Statistical analysis—Statistical analyses were performed with statistical software.t To control for repeated measures, data for each calf were summed over time, and sums of the data were ranked (to account for nonnormal distribution of the summed data). Differences among data for groups of calves were determined via ANOVA on ranks. Assumptions of the ANOVA were verified by determination of equality of variances (Bartlett test), normality of residuals (Wilk-Shapiro test), and constancy of variance of residuals (residual plots) of data. Differences among means of the ranks were determined via the Tukey test for comparison of means. Spearman rank correlations were calculated to determine relationships among age of calves, serum VN titers, nasal IgA titers, and magnitude of mucosal immune response (maximum IgA ELISA titers) following vaccination. Values of P < 0.05 were considered significant.
Results
Transfer of maternally derived antibodies—Before they were fed colostrum, calves had serum VN antibody titers < 2 for BHV-1, BVDV-1, and BVDV-2. Calves had high serum VN antibody titers specific for BHV-1 (median, 128; range, 128 to 256), BVDV-1 (median, 1,024; range, 512 to 8,192), and BVDV-2 (median, 1,024; range, 256 to 4,096) on day 0 (after calves were fed colostrum but before they were vaccinated; Figure 1). These results indicated that dams had antibodies against BHV-1, BVDV-1, and BVDV-2 and that maternal antibodies against these viruses had been transferred to calves via colostrum. Serum VN antibody titers specific for BHV-1, BVDV-1, and BVDV-2 were not significantly different among groups of calves on any day of the study. A 50% decrease in serum VN titers specific for BHV-1 and BVDV-1 but not BVDV-2 was detected within 21 to 35 days after the first vaccination.
The IgG ELISA titers specific for gD, E2.1, and E2.2 were low in NSSs collected from calves on day 0 (Figure 2) and were not significantly different from IgG titers specific for these glycoproteins in NSSs collected from calves on any day after vaccination. Because NSS IgG ELISA titers remained low, titers were not determined for NSS samples collected after day 45. In contrast, IgA ELISA titers specific for gD, E2.1, and E2.2 were ≥ 10-fold higher than IgG ELISA titers specific for these glycoproteins in NSSs collected from calves before they were vaccinated on day 0 (Figure 3).

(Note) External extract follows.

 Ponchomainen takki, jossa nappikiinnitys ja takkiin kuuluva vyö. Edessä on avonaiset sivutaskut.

Mucosal immune response to IN vaccination—To determine whether maternally derived antibodies in NSSs obtained from calves on day 0 (before vaccination) could neutralize virus infectivity, VN assays were performed. Virus-neutralizing antibodies specific for BHV-1 were present in NSSs obtained on day 0 from calves in each group, but titers were low (Figure 4); VN titers of anti–BHV-1 antibodies were approximately 32 times as low in NSSs obtained on day 0 as they were in serum samples obtained on day 0 (Figure 1). Similarly, VN titers of antibodies specific for BVDV-1 and BVDV-2 were low in NSSs obtained from calves on day 0; VN titers specific for BVDV-1 and BVDV-2 were approximately 16 times as low in NSSs obtained on day 0 as they were in serum samples obtained on day 0.

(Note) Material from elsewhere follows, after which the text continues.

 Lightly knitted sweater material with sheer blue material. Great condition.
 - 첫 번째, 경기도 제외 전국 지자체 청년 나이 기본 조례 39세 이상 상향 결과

The IgA ELISA titers specific for gD were substantially lower in NSSs obtained from calves on day 5 versus titers in samples obtained on day 0 (Figure 3). Titers of IgA specific for gD were substantially higher in NSSs collected from vaccinated (group B and C) calves on day 10 than they were in samples collected from those calves on days 5, 21, or 35. Titers of IgA specific for gD were significantly (P < 0.001) higher in NSSs obtained on day 10 from vaccinated (group B and C) calves versus NSSs obtained from control (group A) calves on that day. The increase in gD-specific IgA titers in group B and C calves after the first vaccination was transient, and IgA titers specific for gD were similar in NSSs collected on days 5 and 35 from calves (ie, titers in samples from group B and C calves had returned to prevaccination titers by day 35).

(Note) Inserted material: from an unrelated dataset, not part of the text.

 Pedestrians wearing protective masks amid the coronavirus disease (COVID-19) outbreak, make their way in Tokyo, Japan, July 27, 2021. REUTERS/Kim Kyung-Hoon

The IgA ELISA titers specific for E2.1 and E2.2 were substantially lower in NSSs obtained from calves on day 5 versus titers in samples obtained on day 0 (Figure 3). The IgA ELISA titers specific for E2.1 and E2.2 were significantly (P < 0.001) higher in NSSs obtained from group B and C calves than they were in samples obtained from control (group A) calves on days 21 and 35; IgA ELISA titers specific for E2.2 were also significantly higher in NSSs obtained from group B and C calves on day 10 versus those obtained from group A calves on that day. Titers of IgA specific for E2.1 and E2.2 seemed to gradually increase in group B and C calves after vaccination on day 0; IgA titers in these calves were higher on day 35 than they were on days 5 through 21.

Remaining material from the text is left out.